The more concrete examples are the popular Assemblies of Belo Horizonte and the Forum for Fights of Rio de Janeiro. There are also similar initiatives in Fortaleza, Maceió and Campinas. They all have in common a progressive criticism on the structural limitations of the representation system of the electoral bourgeois democracy, their corrupt parties and slanted elections that are funded by the large capitalists. All of these concrete examples of struggle seek to build, as from the struggle, another sphere of representation and unity of action, transforming the spontaneous political force that comes from the streets into an organization.
In Belo Horizonte, the Horizontal People’s Assembly (APH) started its organization during the fight against the World Cup expenditures. The Assembly’s first ordinary meeting was held on June 19 and brought together about a thousand people, according to Matheus Cheren, a social scientist and member of the Communication Commission of APH. Since then, the Assembly has already organized five ordinary meetings. In one of these meetings it was organized the mass demonstration which brought 100,000 people on the streets of Belo Horizonte, held on September 27. The meetings and the disseminating of what has been approved is usually carried out through a Facebook page.
However how does the Assembly of Belo Horizonte organize itself? Our focus is on the horizontality. Regardless of the existence or not of any bonds to party, union, or NGOs, everyone has the same time to speak, everyone can participate”, said Matheus.
Our Assembly has 11 Reference Groups on various themes to better organize the claims, to lay banners and propose solutions through the agenda”, he says. The groups are thematic and they discuss since health, transport, education up to media democratization. Matheus also highlights that this is the best way to integrate those who, for the first time in their lives, are participating in the political life. Moreover, it is a space to unify the left, despite the different practices and theses”, he says.

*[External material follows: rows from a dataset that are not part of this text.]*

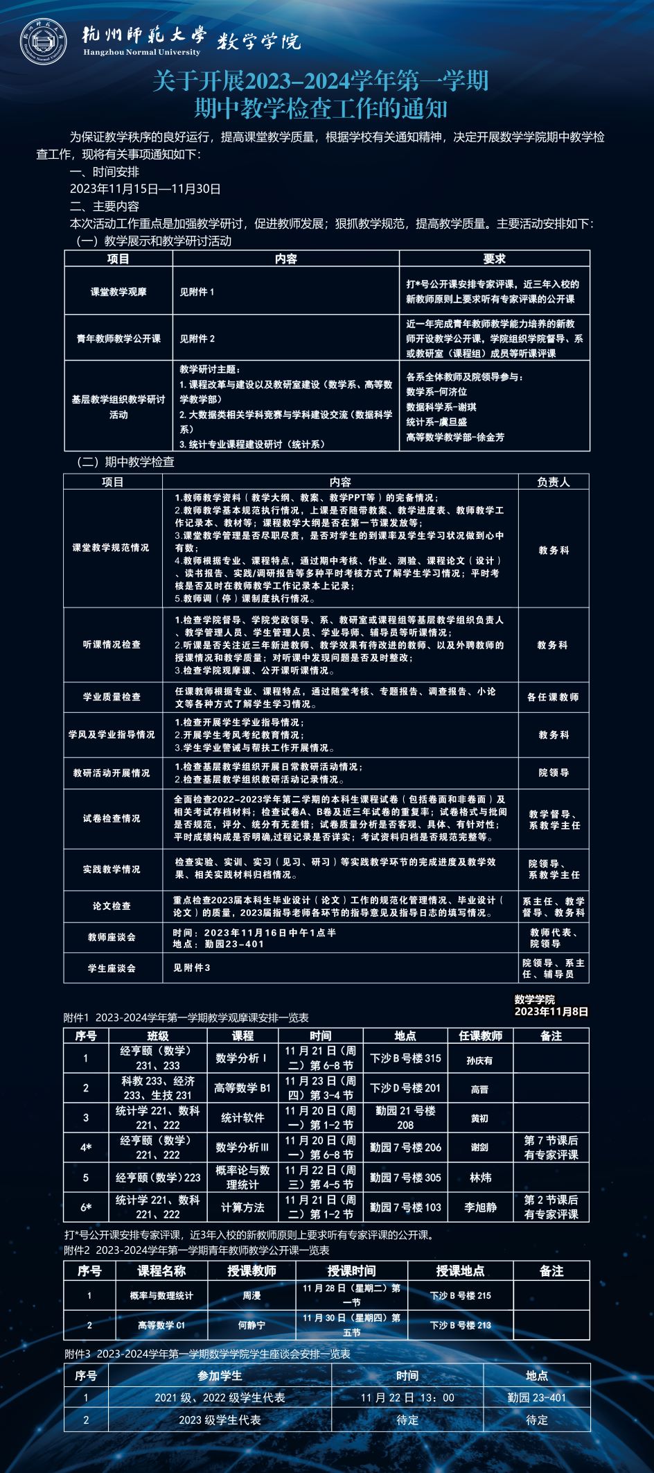 黑料吃瓜网 2023-2024学年第一学期期中教学检查安排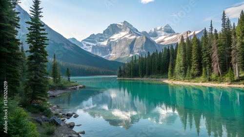 lake, mountain, water, landscape, nature, mountain, forest, snow, sky, canada, tree, park, scenic, banff, glacier, tree, travel, green, river, alberta, cloud, view, summer, outdoors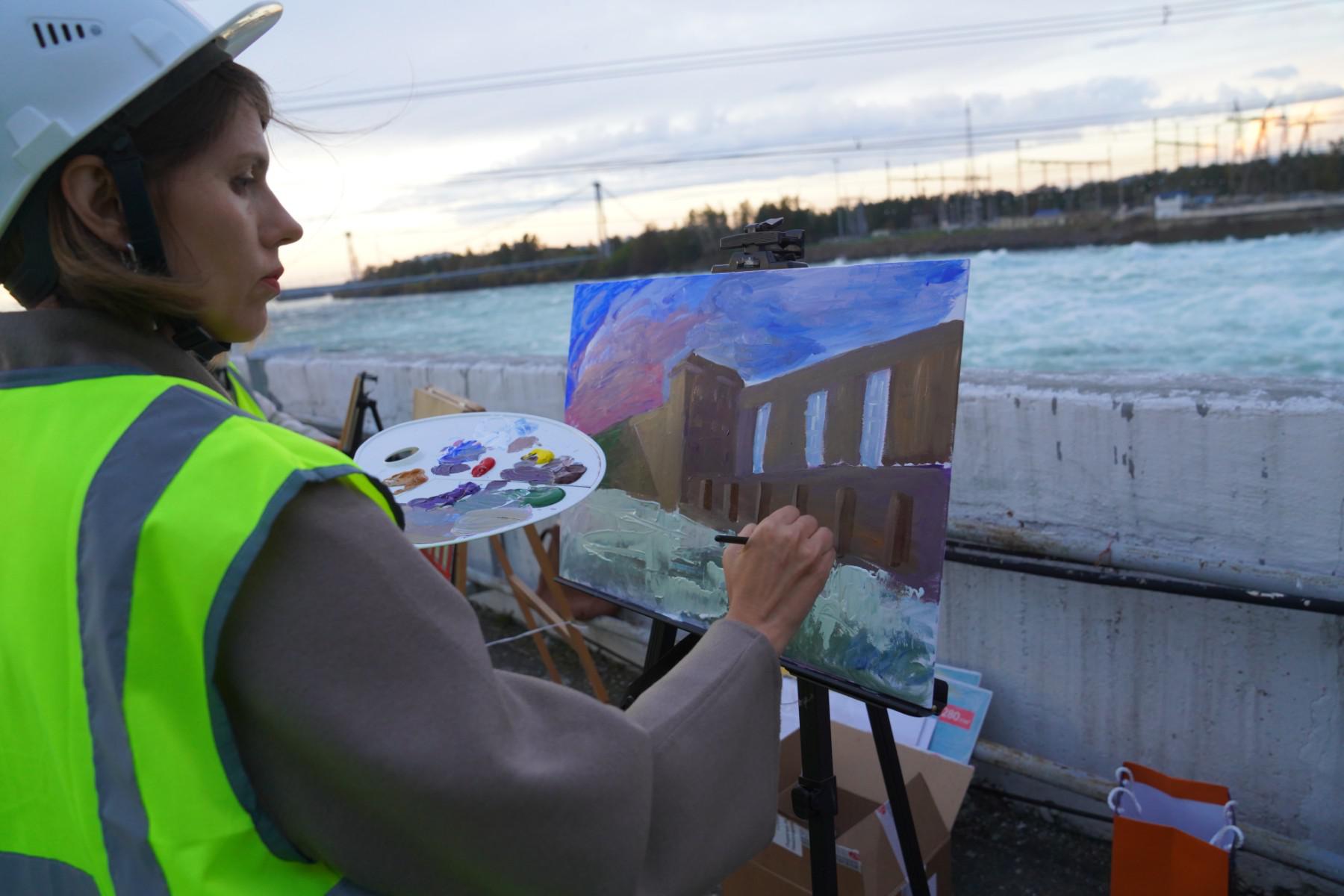 Переда началом работы участникам творческого вечера рассказали о работе ГЭС и предоставили возможность увидеть холостые сбросы вблизи. Изумрудная вода и закатное небо над Ангарой стали основным сюжетом для работ в этот вечер. Освоить кисти и краски новичкам помогала известный иркутский живописец и искусствовед, член Союза художников России и ассоциации изобразительных искусств ЮНЕСКО Регина Присяжникова.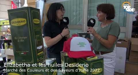 Elizabeth, nous présente ses huiles Desiderio au micro de Nadine Torcolo. En direct sur Radio Top Side du Marché des Couleurs et des Saveurs d’Italie 2022. 14eme édition du marché Marché des Couleurs et des saveurs d’Italie à découvrir rue du Marché à Beausoleil sur le week-end du samedi 17 et dimanche 18 septembre 2022. De belles surprises à découvrir avec des produits originaux, des odeurs, des couleurs et des saveurs d’Italie, fromages, charcuteries, pains, gâteaux… Un véritable voyage proposé par l'association beausoleilloise des amis d'Alba sous le patronage des......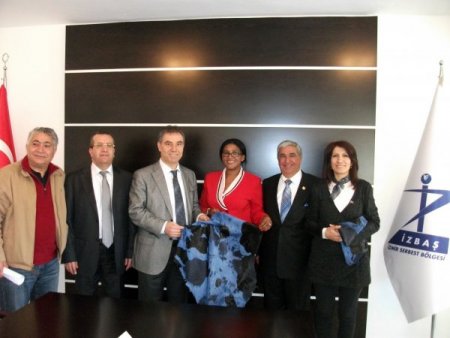 Güney Afrika Cumhuriyeti Ticaret Ataşesi Nambla Grace Yenana ve Güney Afrika Cumhuriyeti İzmir Fahri Başkonsolosu Tamer Taşkın, İZBAŞ Yönetim Kurulu’nu ve İzmir Serbest Bölgesi’ni ziyaret etti. İzmir Serbest Bölgesi, kanuni prosedürler, geniş sektör yelpazesi ve bölgenin yatırımcılara sunduğu imkanlar hakkında yapılan sunumun ardından İZBAŞ Yönetim Kurulu Başkanı Eyüp Sevimli, Güney Afrika ile Türkiye arasındaki ticaret hacminin artması gerektiğini dile getirdi. Güney Afrika menşeli ham deri kalite standardının oldukça yüksek olduğunu belirten Sevimli, Güney Afrika menşeli ham derilere Türkiye deri sektörünün ihtiyacı olduğunu ancak bugün için bu derilerin ithalatının yapılamadığını, bunun da Güney Afrika’nın yalnızca bir bölgesinde mevcut bir hayvan hastalığından kaynaklandığını söyledi. Aslında bu hastalığın sadece hayvandan hayvana bulaştığını, hayvan eti için kesildikten sonra bu hastalığın deriler vasıtasıyla taşınmadığını, Türkiye dışındaki ülkelerin Güney Afrika menşeli derileri ithal edip kendi ülkelerinin menşei altında Türkiye’ye sattıklarını anlatan Sevimli, Gıda Tarım ve Hayvancılık Bakanlığı yetkililerinin uyguladıkları bu farklı tutumun sebebini anlayamadıklarını ve bunun sektörü kayba uğrattığını sözlerine ekledi. Bu konudaki çıkmazın Türkiye tarafından kaynaklandığını ve kendilerinin çözmesi gerektiğini belirterek, Ataşe Yenana'nın yardım önerisine teşekkür etti.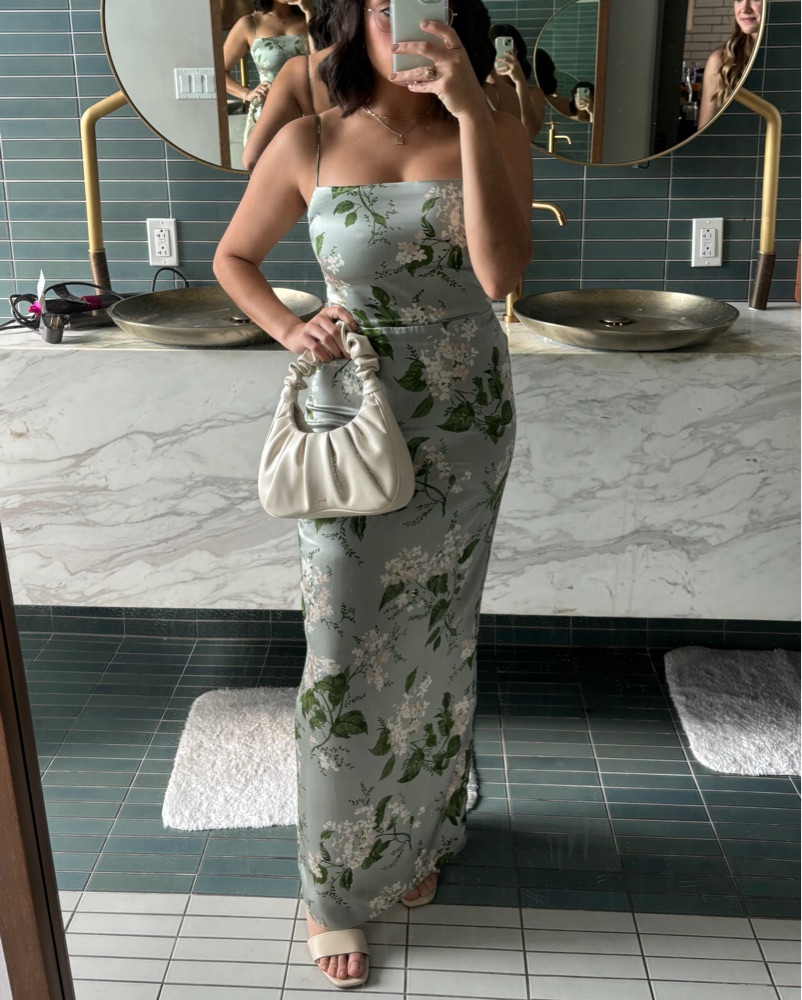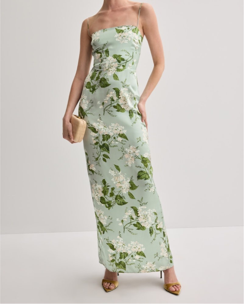 Marguerite floral-print silk maxi dress from Reformation featuring sage green, silk, all-over floral print, adjustable spaghetti straps, with a fitted waistline and front slit. Size 4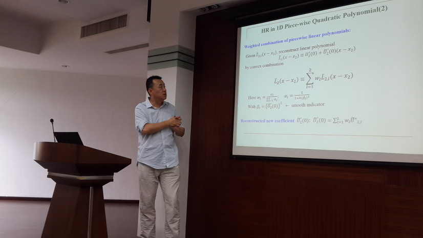 应我校航空宇航学院赵宁教授邀请,美国圣母大学应用和计算数学系许志良教授于2015年6月15日至7月12日来我校进行了学术访问,并于6月26日为我校师生做了题为“RKDG method with conservation constraints and hierarchical reconstruction limiter for solving conservation laws”的学术报告,赵宁教授主持了此次报告。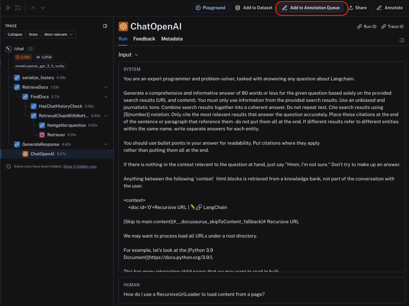 - Set up an automation rule that automatically assigns runs which pass a certain filter and sampling condition to an annotation queue.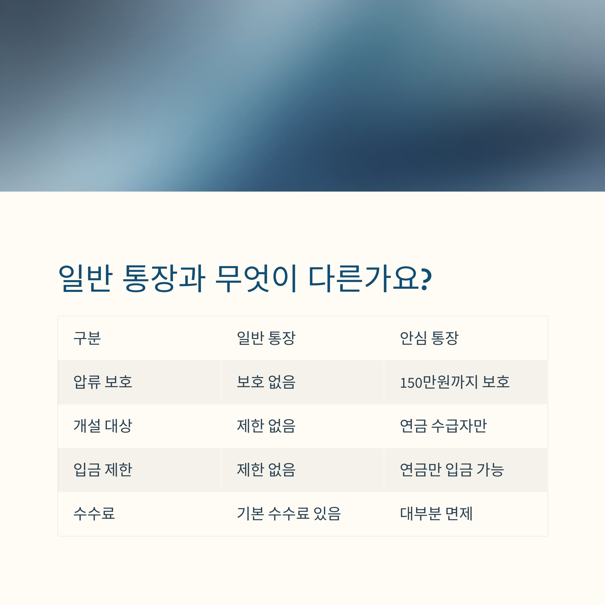 정리하자면, 안심통장은 ‘불편함’을 감수하면서도 안전성을 높이기 위한 특별한 계좌라는 점에서 일반 통장과 확실히 구분돼요. 연금 수급용으로만 사용하는 게 가장 이상적이며, 일상생활용 통장과는 별도로 운용하는 것이 좋아요.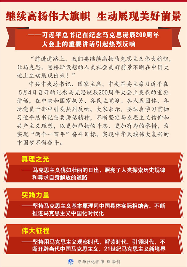 新華社北京5月4日電 題:繼續(xù)高揚(yáng)偉大旗幟 生動(dòng)展現(xiàn)美好前景——習(xí)近平總書記在紀(jì)念馬克思誕辰200周年大會(huì)上的重要講話引起熱烈反響
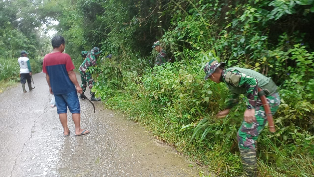 Pada kesempatan tersebut Pelda Yudin Djoni melaksanakan gotong-royong bersama masyarakat membersihkan sampah dan rumput liar di pinggir badan jalan di wilayah binaan tersebut, kondisi tersebut mendorong Babinsa mengajak masyarakat untuk bergotong royong guna melaksanakan pembersihan rumput dan sampah sehingga nantinya membuat kondisi jalan menjadi kelihatan bersih dan terpelihara.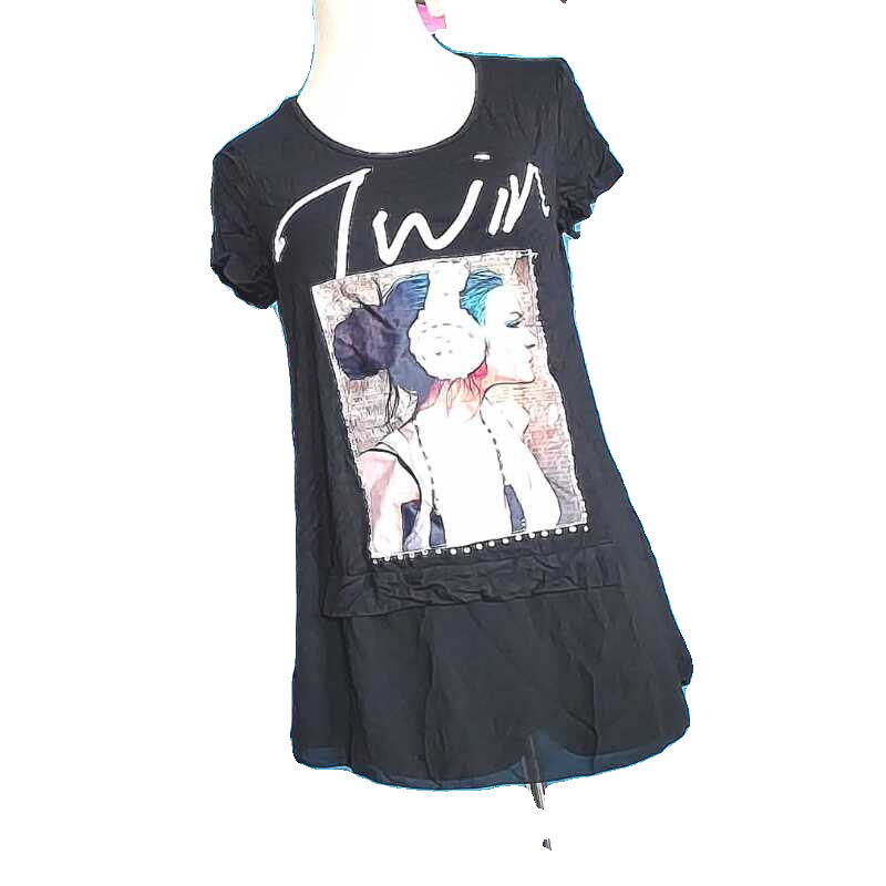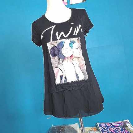 夏季2024韩版短袖中长款T恤裙女装休闲印花宽松显瘦百搭拼接雪纺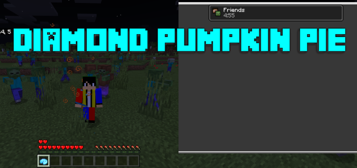 This addon adds a food called Diamond Pumpkin Pie. It’s similar to golden apple but it’s diamond and pumpkin pie. If you eat it, it gives you an effect called Friends and an extra 2 hearts. This effect makes hostiles like zombies or skeletons not attack you.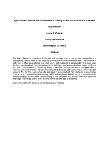 Halim, Wenny (2014) Penerapan rational emotive behavioral therapy pada penanganan subclinical self harm. Masters thesis, Universitas Tarumanagara.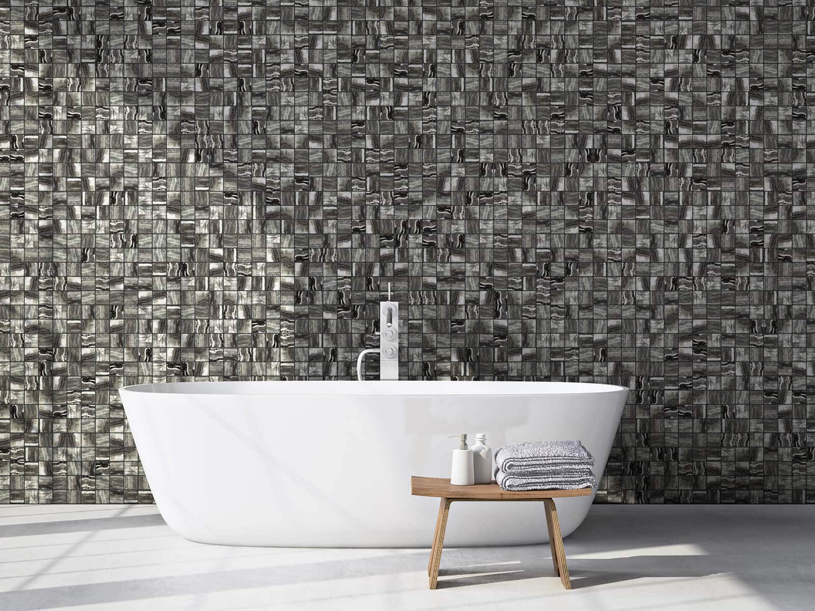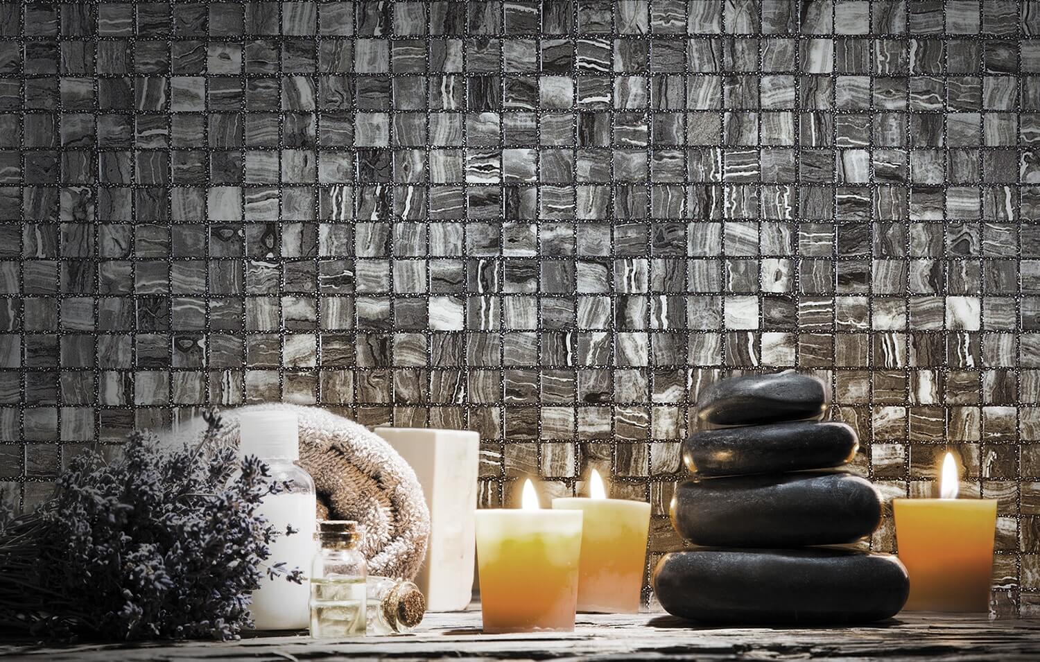 Vaak zien wij dat onze klanten een glasmozaïek met hun kenmerkende felle kleuren te aanwezig vinden in de ruimte. Wanneer dit zo is, kan de Zen Tigrato een perfecte wandoplossing zijn. Deze glasmozaïek wordt gekenmerkt door een donkere kleur met witte beadering. Het fraaie van deze glasmozaïek is dat geen steentje hetzelfde is. Dit geeft een subtiele moderne twist aan elk interieur.

The Assembly meetings were usually held under a highway overpass in downtown Belo Horizonte, capital of the State of Minas Gerais. However, as soon as there was the City Council occupation, some meetings of the Assembly began to be held there. On July 1st it took place the 5th ordinary meeting, which was broadcast over the Internet. It voted the names that would participate in a committee to negotiate with the mayor Marcio Lacerda (PSB). No one knows what will be the outcome of the City Council occupation, because on June 2nd the Mayor Marcio Lacerda remained unyielding and said he would not negotiate while there was occupation. However, Matheus explains that one of the objectives is to hold meetings by region, neighborhood and category.“The purpose is to broaden the voices”, he explains.
In Rio de Janeiro, a similar grouping has been settled in favor of the Forum for Fights Against the Increase in the Public Transportation Fare. The first meeting of the Forum was on the 25th of June. More than three thousand people attended a plenary meeting held in front of the IFCS (Institute of Philosophy and Social Sciences) building. That place had been besieged during the repression of Military Police in the demonstrations of June 20th. Nearly three thousand people attended the Forum meeting, which demonstrates its feasibility to be a space where the analysis are shared and the claims of the various movements are organized.
The Forum is a space for the unity of action which had a specific agenda. Our objective now is to make it more comprehensive “, explains Julio Anselmo, DEC director of UFRJ (Federal University of Rio de Janeiro) and a member of ANEL (Students National Alliance – Free). According to him, the challenge now is to strengthen the forum organization, to deepen its democracy and broaden its claims’ and fights’ agendas. We want to strengthen the forum as a Coordination of Fights and deepen the democratic debate”, he explains. Just like in Belo Horizonte, the meetings are usually called through Facebook.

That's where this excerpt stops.